Entra hasta el fondo del alma,
divina luz, y enriquécenos.
Mira el vacío del hombre
si tú le faltas por dentro.

 

 

REFLEXIÓN 2

"EL ESPÍRITU DE JESÚS"

La opción que los discípulos han hecho por Jesús les ha granjeado la enemistad de los judíos. La expresión miedo a los judíos es de carácter religioso. No significa miedo al pueblo judío (los discípulos eran judíos), sino miedo a la exclusión de la sinagoga, decisión esta que los guardianes de la Ley de Dios habían tomado contra todo el que reconociera a Jesús como Mesías (ver Jn.9,22). Excluidos de la comunidad creyente, los discípulos de Jesús eran un grupo sin puesto y sin paz.

La presencia de Jesús cambia esta situación de los discípulos. Es el Jesús de siempre, al que habían conocido, con el que habían convivido y por el que habían optado. Jesús les devuelve primero la paz de la que carecían por estar excluidos de la sinagoga. En segundo lugar, Jesús les da un puesto y una razón de ser en el mundo convirtiéndolos en enviados suyos, de la misma manera que él lo había sido antes del Padre. Surge así la comunidad creyente, que se llamará Iglesia para distinguirse de la Sinagoga.

A diferencia de ésta, caracterizada por el espíritu de la Ley, la nueva comunidad se caracteriza por el Espíritu de Jesús y del Padre. En razón de este Espíritu la nueva comunidad encarna la oferta de gracia de Dios a los hombres. Las últimas palabras del texto se pueden parafrasear de la siguiente manera: Vosotros sois a partir de ahora los responsables de la oferta de mi Padre a todos los hombres. De vosotros depende ahora esta oferta.

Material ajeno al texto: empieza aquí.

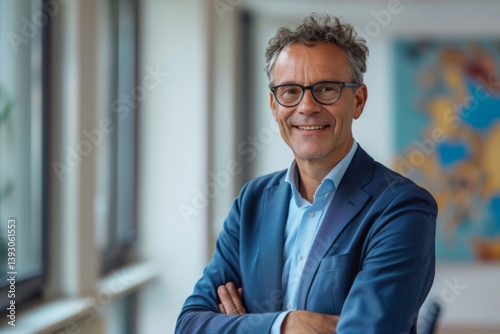 Happy middle aged business man ceo standing in office arms crossed
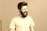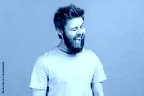 Portrait of bearded man being in good mood, smiling broadly and winking at camera, keeps mouth open, having flirting facial expression. Indoor studio shot isolated on blue background.
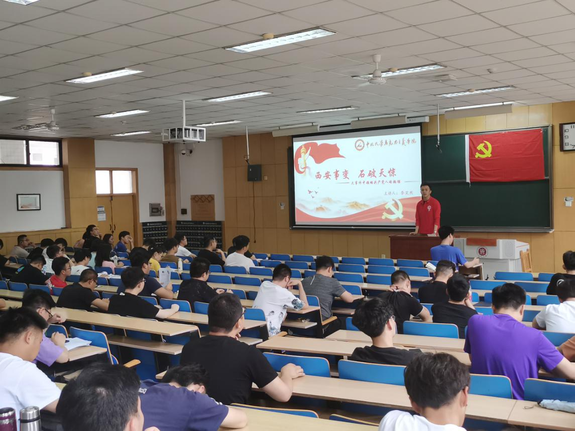 为庆祝建党100周年,增强广大青年学生的历史使命感,继承和发扬党的光荣传统和优良作风,amjs澳金沙门线路首页研究生党支部邀请马克思主义学院党史宣讲团进行党史宣讲。宣讲于2021年6月24日16:00在11309H召开,主题为“学党史、守初心、喜迎建党百年”。大会由2020级研究生党支部副书记靳凯毅同志主持,参加本次大会的有全体研究生党员、入党积极分子及发展对象。

Los destinatarios de estas palabras no son sólo los doce como a veces se piensa, sino la totalidad de la comunidad. El trasfondo de este texto no es jerárquico, sino comunitario. El sentido de estas palabra es a su vez mucho más amplio y rico que la práctica del actual sacramento de la Penitencia.

El texto de hoy es especialmente significativo para la Iglesia por cuanto que marca el comienzo y el sentido de su andadura. Por su comienzo la Iglesia nace excluida de lo que había sido su medio y marco de referencias religiosas. Históricamente la Iglesia nace sin puesto y contra corriente, pero no respecto al mundo civil, sino respecto al mundo religioso. El valor de ejemplaridad de los comienzos de la Iglesia reside en que los problemas le vienen del propio mundo de la creencia.

La misión de la Iglesia es ser reveladora de Jesús y, en última instancia, de Dios. La misión la realiza en la medida en que es portadora del Espíritu de Jesús y de Dios. Vistas las cosas en sus comienzos históricos (así es como necesariamente las tiene que ver la exégesis), este Espíritu, que en razón de su origen se llama santo, está en las antípodas del espíritu que reina en los responsables de la Ley de Dios. Los retos no le vienen a la Iglesia desde el exterior. El auténtico reto es su capacidad de apertura al Espíritu de Jesús. Este Espíritu cambia mucho las cosas. Probablemente las renueva siempre.